* [WORK TASK] Write out the records below from the first line through the line containing "Découvrez la 8e", leaving out any pictures.

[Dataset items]
--
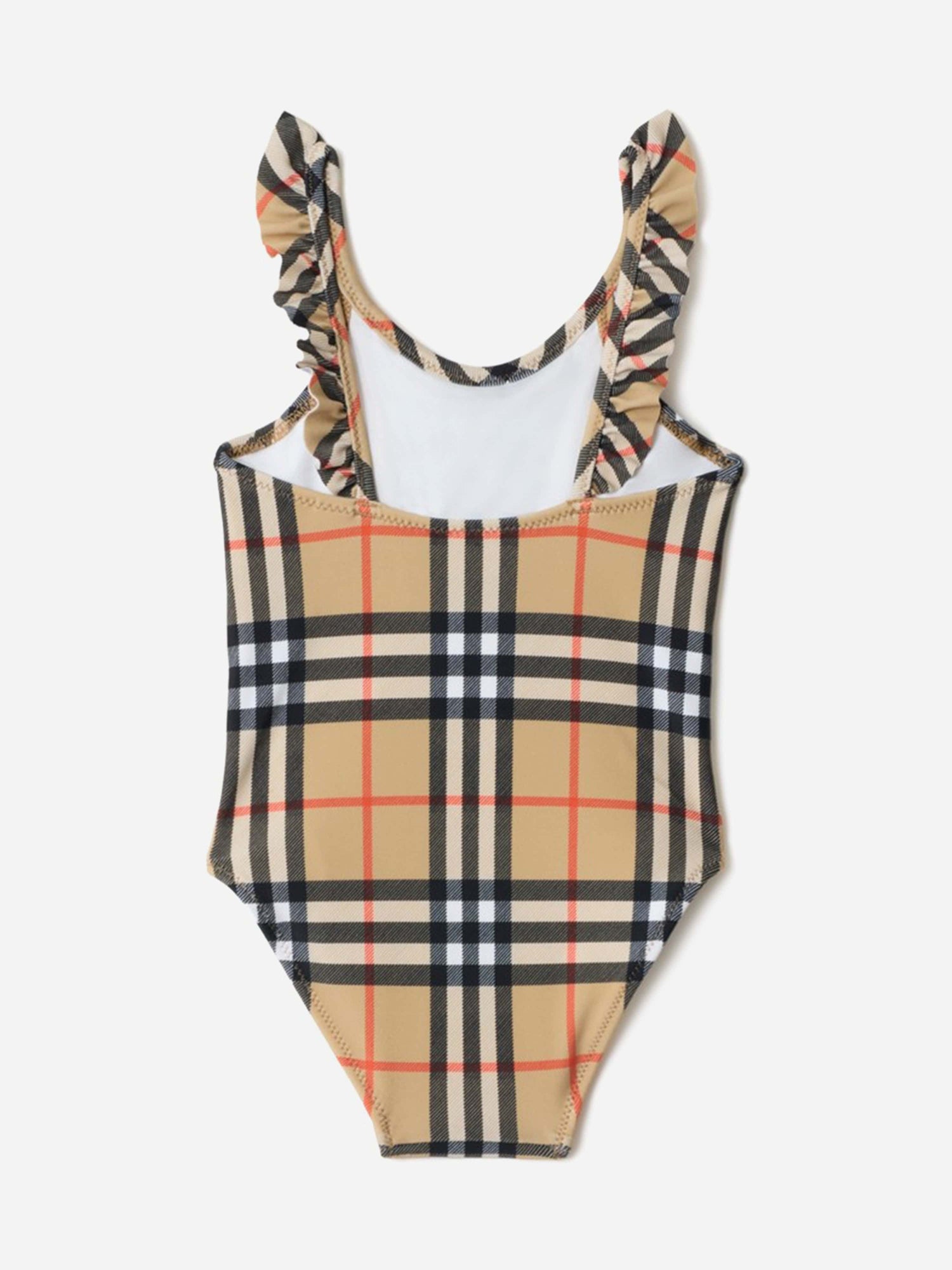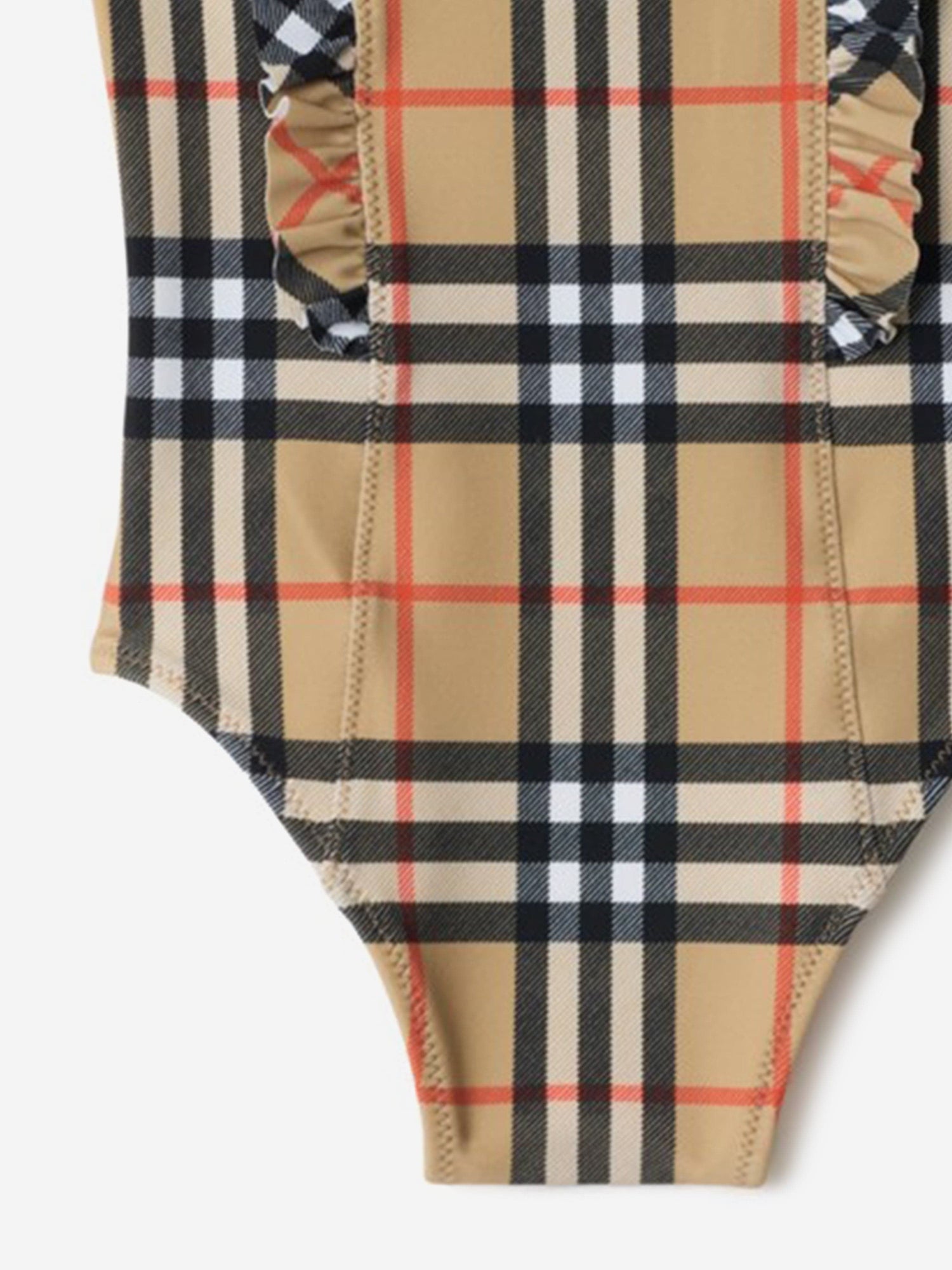 Burberry Girls Tilly Ruffle Trim Check Swimsuit in Beige
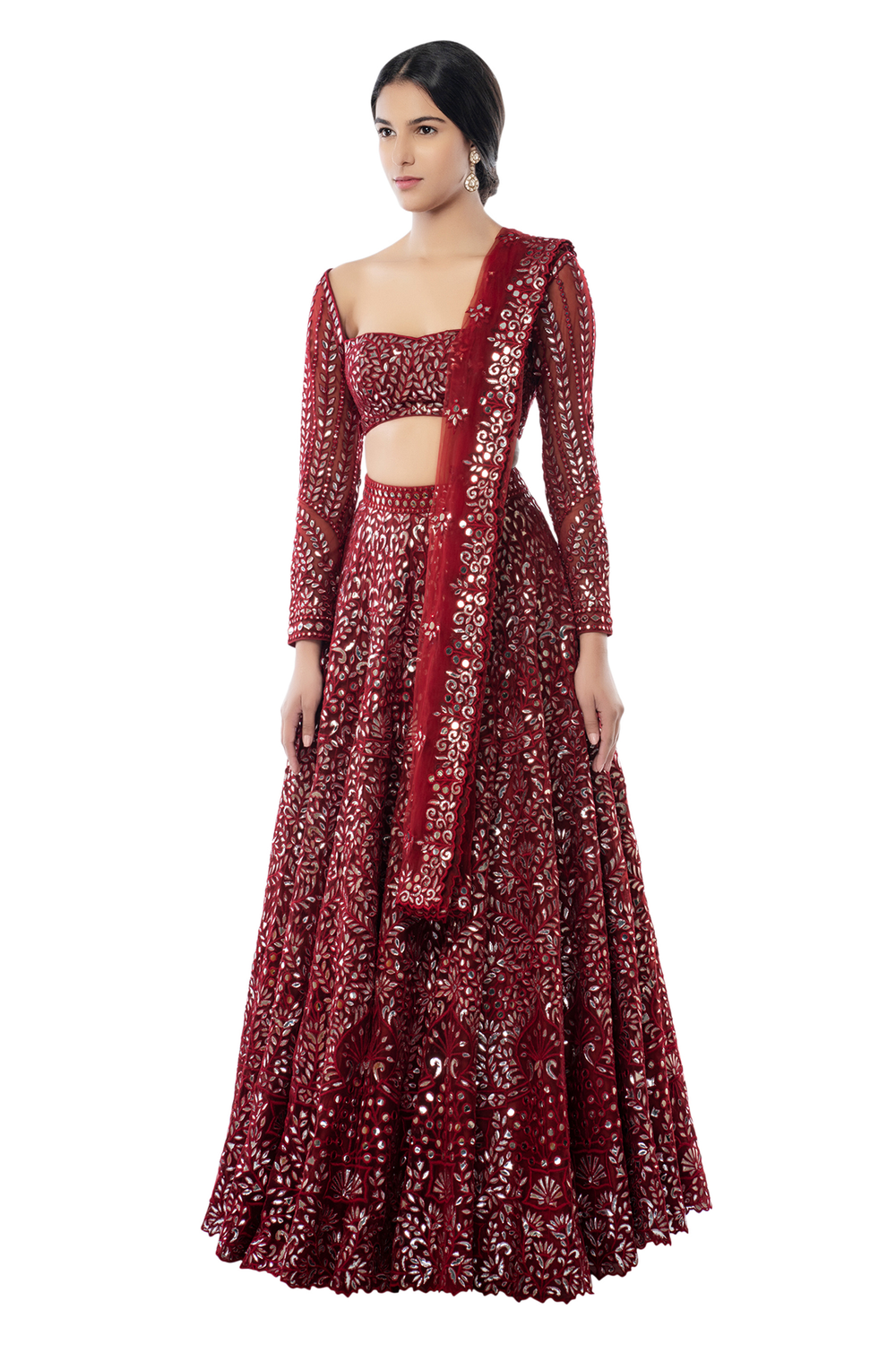 Maroon Net Heavy Lehenga With Foil, Resham, Mirror Embroidery
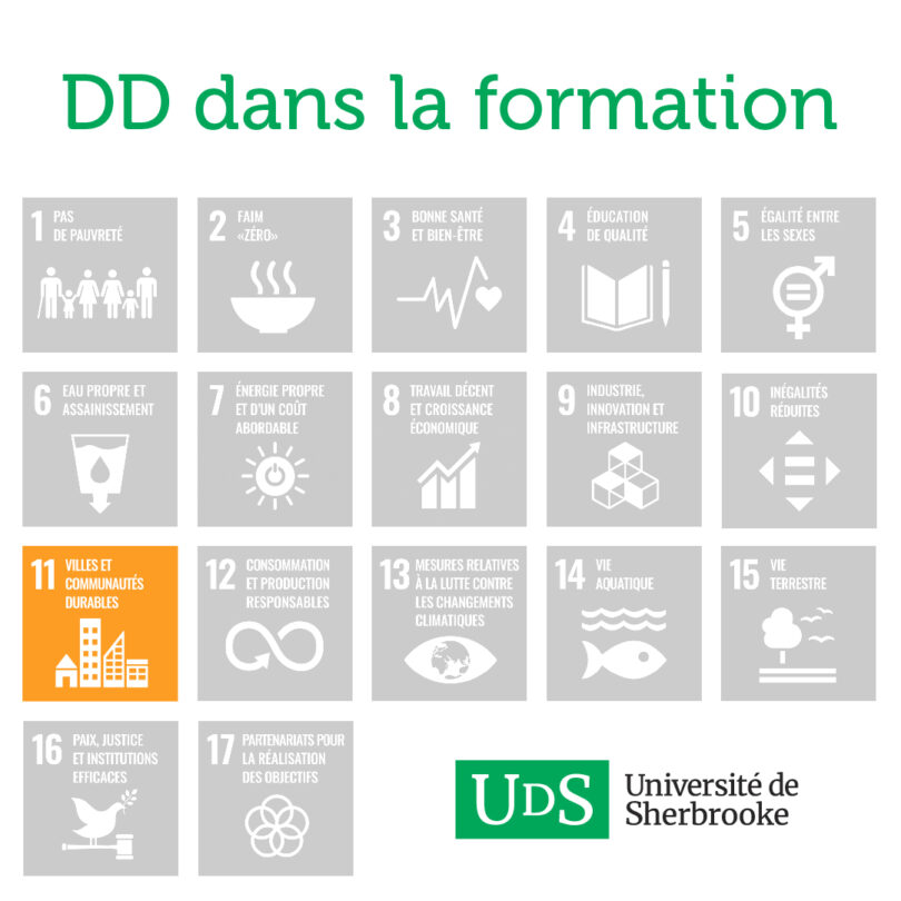 Découvrez la 8e initiative de la série qui illustre, chaque mois, l’intégration du développement durable dans la formation à l’UdeS, par l’entremise d’initiatives et d’exemples liés à l’un des 17 objectifs de développement durable (ODD) de l’ONU. Les initiatives dans le présent texte mettent en valeur l’ODD 11 – Villes et communautés durables.
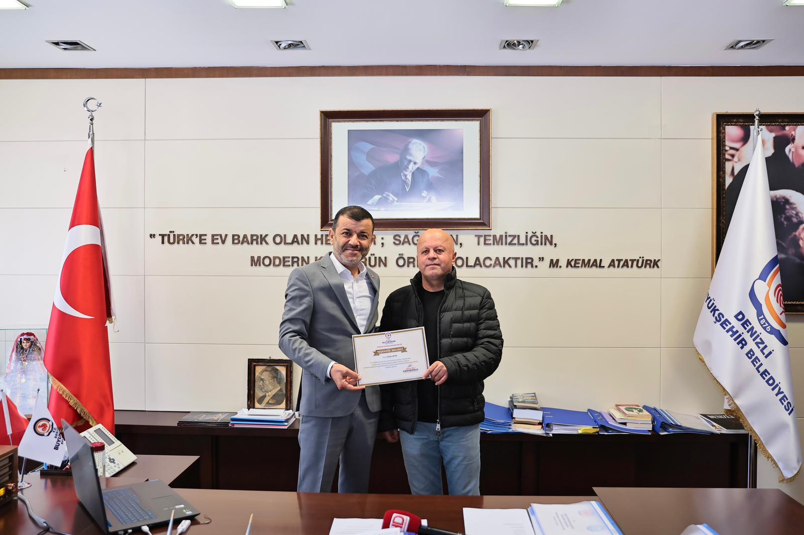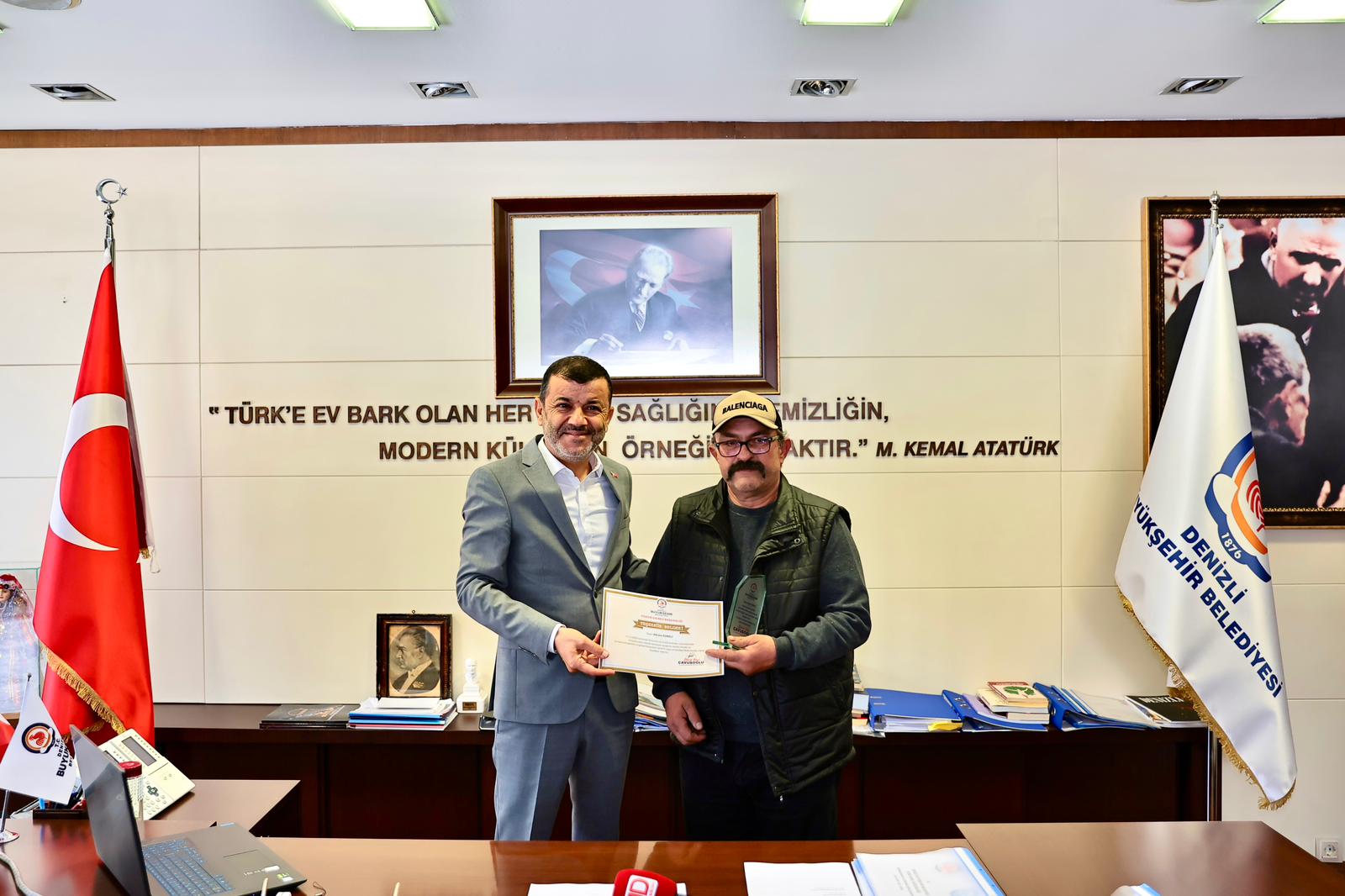 Denizli Haber - 11 Kasım 2025 Salı günü, Denizli'nin Honaz ilçesi Aydınlar Mahallesi'nde bulunan Akdere mevkiinde çıkan orman yangınına süt kamyonunda bulunan süt ile müdahale eden kahraman şoför Ekrem Eşmeli ve işletme sahibi Erkan Çetin, Denizli Büyükşehir Belediye Başkanı Bülent Nuri Çavuşoğlu’nu ziyaret etti. Ziyarette kısa bir konuşma yapan Başkan Çavuşoğlu, “Doğayı korumak hepimizin ortak sorumluluğu. Ekrem kardeşimiz, bir an bile tereddüt etmeden yangına müdahale ederek örnek bir davranış sergiledi. Bu şehirde yaşayan tüm vatandaşlar adına kendisine yürekten teşekkür ediyorum” dedi.
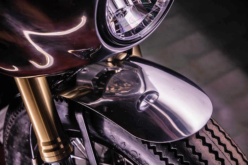 Naming this recreated bike ‘Amazing #000,’ Heitz and company spent over one hundred fifty hours just on metal shaping alone.  Not only did this include the fuel tank but the half-farings, fender, seat and belly pans, and side covers.  Formed to compliment the bike’s normal lines, these aluminum constructs have been polished and then left in the raw to showcase the work.
--
* [OUTPUT FOR THIS EXERCISE]
 Burberry Girls Tilly Ruffle Trim Check Swimsuit in Beige
 Maroon Net Heavy Lehenga With Foil, Resham, Mirror Embroidery
 Découvrez la 8e initiative de la série qui illustre, chaque mois, l’intégration du développement durable dans la formation à l’UdeS, par l’entremise d’initiatives et d’exemples liés à l’un des 17 objectifs de développement durable (ODD) de l’ONU. Les initiatives dans le présent texte mettent en valeur l’ODD 11 – Villes et communautés durables.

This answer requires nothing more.